No buscaba Antón el propagandismo moral, el apostolado religioso o la recomendación ética. No hay moralejas sino preguntas. Su relato describe, como pasando de puntillas, una realidad de la que libremente el lector tiene que obtener las conclusiones que estime conveniente o simplemente no concluya si no quiere.

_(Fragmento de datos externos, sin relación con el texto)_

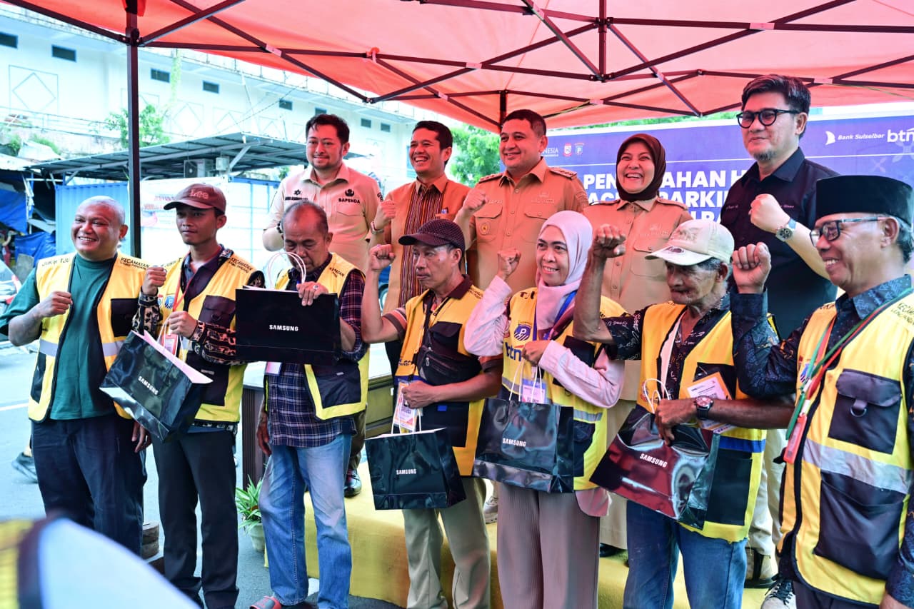 Makassar — Perumda Parkir Makassar Raya bersama Bank Indonesia (BI) Perwakilan Provinsi Sulawesi Selatan serta mitra perbankan nasional—Bank Sulselbar, Bank BTN, dan Bank Mandiri—menggelar kegiatan penyerahan hadiah bagi para juru parkir yang berprestasi dalam penerapan pembayaran parkir digital (QRIS).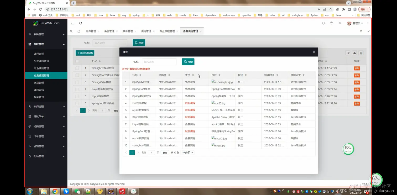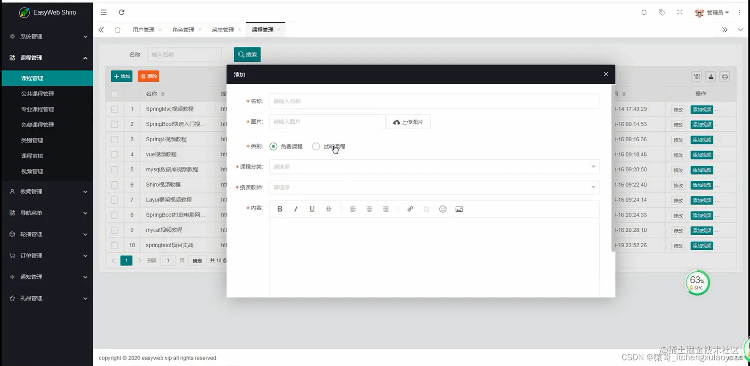 课程管理:对课程进行管理支持增加删除修改、可以发布视频或者图片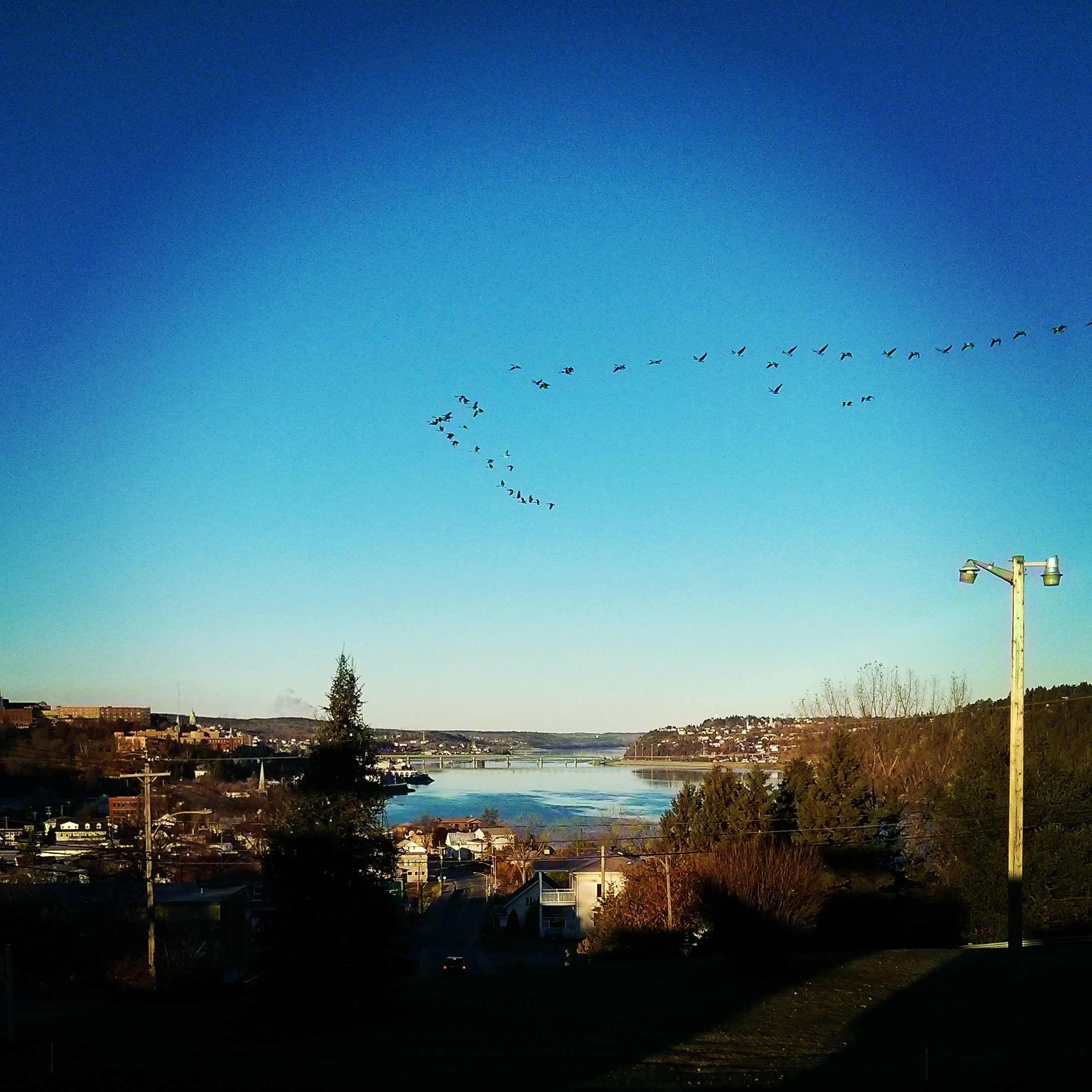 Merci à Pascal Dumont, photojournaliste croisé à Zoom Saguenay, pour cette photo des oies passant au-dessus de ma ville natale. Ce projet naissant s’ancrera toutefois dans ma ville d’adoption, Longueuil. Mais qui sait où nous mèneront ces oies?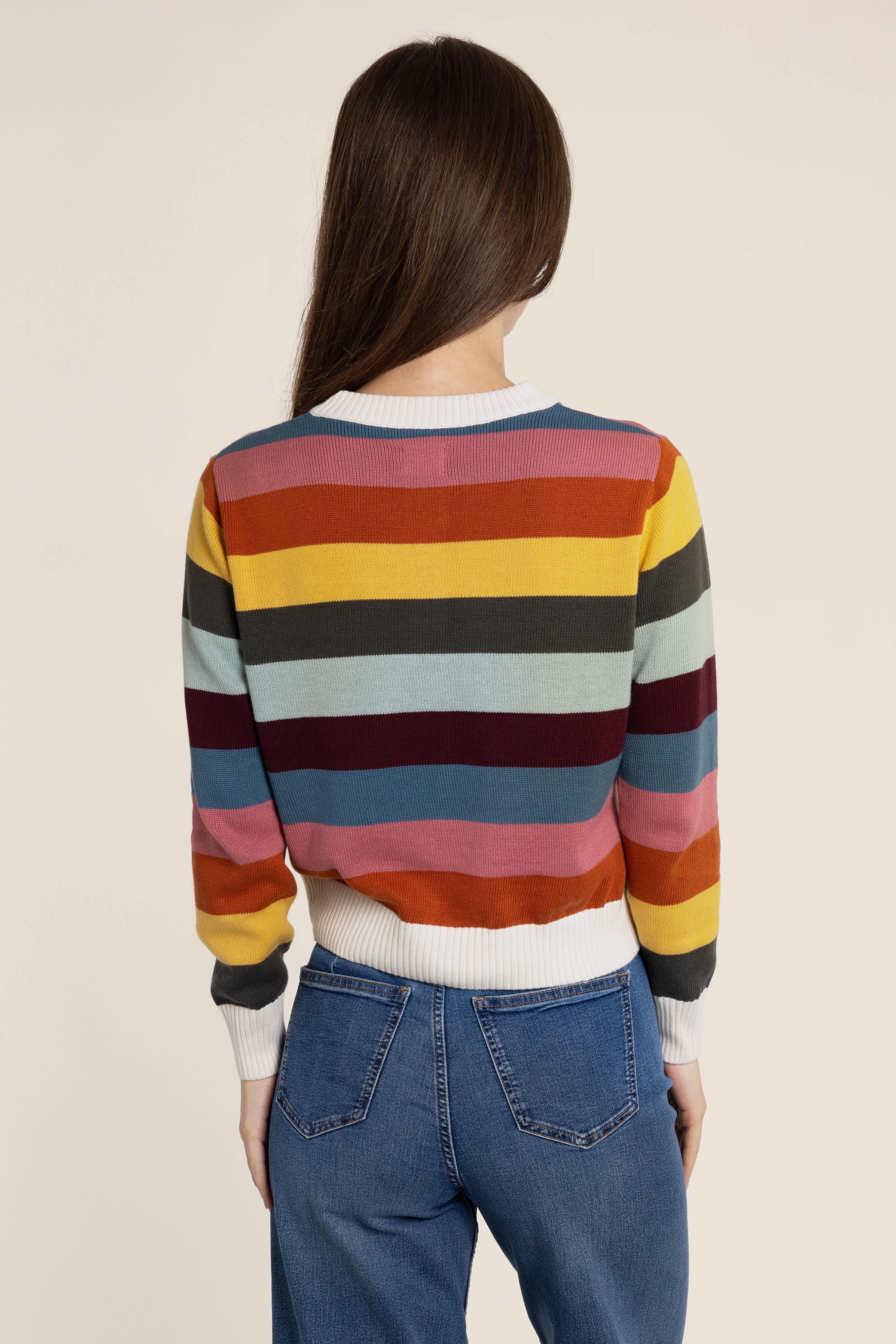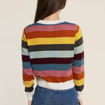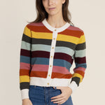 Introducing The Kōr Stripe Cardigan, your new go-to for effortless style. Made from soft organic cotton, this colourful striped cardigan will take you from day to night. Don't be afraid to wear it on repeat, it's gentle on your skin and the perfect addition to any outfit!

En primera persona, casi siempre, se refiere al resto para describir, narrar, sentir. Una fórmula que hicieron suya los anglosajones y que llevaron al naturalismo al intimismo perfecto. El monólogo cultivado sobre el papel como un pensamiento de repente.
No se le escapó al doctor Chéjov escribir dramas tras el fracaso (y posterior éxito) de La gaviota. Mientras acaricio sus cuentos me viene también a la memoria aquella tarde de invierno, en aquel teatro de olor a madera de un Madrid viejo y (entonces) lluvioso, viendo Tío Vania sin querer siquiera recordar el final de la obra.
Aprovecho la ocasión, qué fácil me lo pone el frío de hoy, para buscar en mi librería un libro de cuentos que abro al azar y encuentro, como busco en el recuerdo Flores tardías. (Publicado en DiarioProgresista.es, el miércoles, 8 de febrero de 2012).